▸ Task objective
Please reproduce all of the data below exactly, leaving each picture out.

▸ Stored data
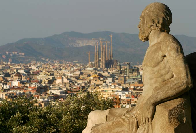 Саграда Фамилья с холма Монжуик в Барселоне.
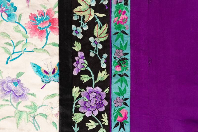 with a side opening, worked in multi color threads as flitting butterflies amidst sprays of begonias, the design repeated on the black ground borders and the ivory-ground cuffs, all against a purple ground.
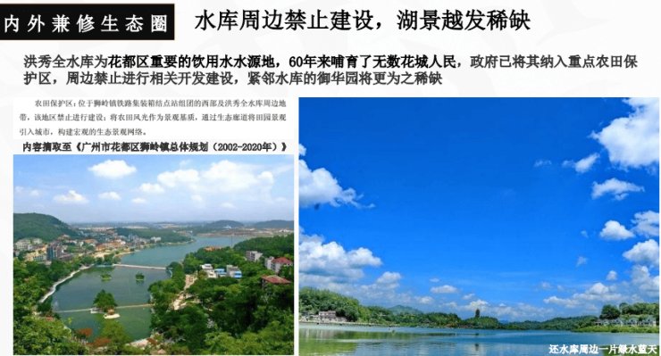 自配建以省一级标准建设的育华小学和幼儿园,周边更有花都最好的秀全中学(隔着水库相望),狮岭中学,狮峰中学,芙蓉中学等学校环绕。秀全中学,作为国家级示范高中,2021年的高考,秀全中学本科上线率就达93.8%,成绩名列花都前茅。

▸ Answer box
 Саграда Фамилья с холма Монжуик в Барселоне.
 with a side opening, worked in multi color threads as flitting butterflies amidst sprays of begonias, the design repeated on the black ground borders and the ivory-ground cuffs, all against a purple ground.
 自配建以省一级标准建设的育华小学和幼儿园,周边更有花都最好的秀全中学(隔着水库相望),狮岭中学,狮峰中学,芙蓉中学等学校环绕。秀全中学,作为国家级示范高中,2021年的高考,秀全中学本科上线率就达93.8%,成绩名列花都前茅。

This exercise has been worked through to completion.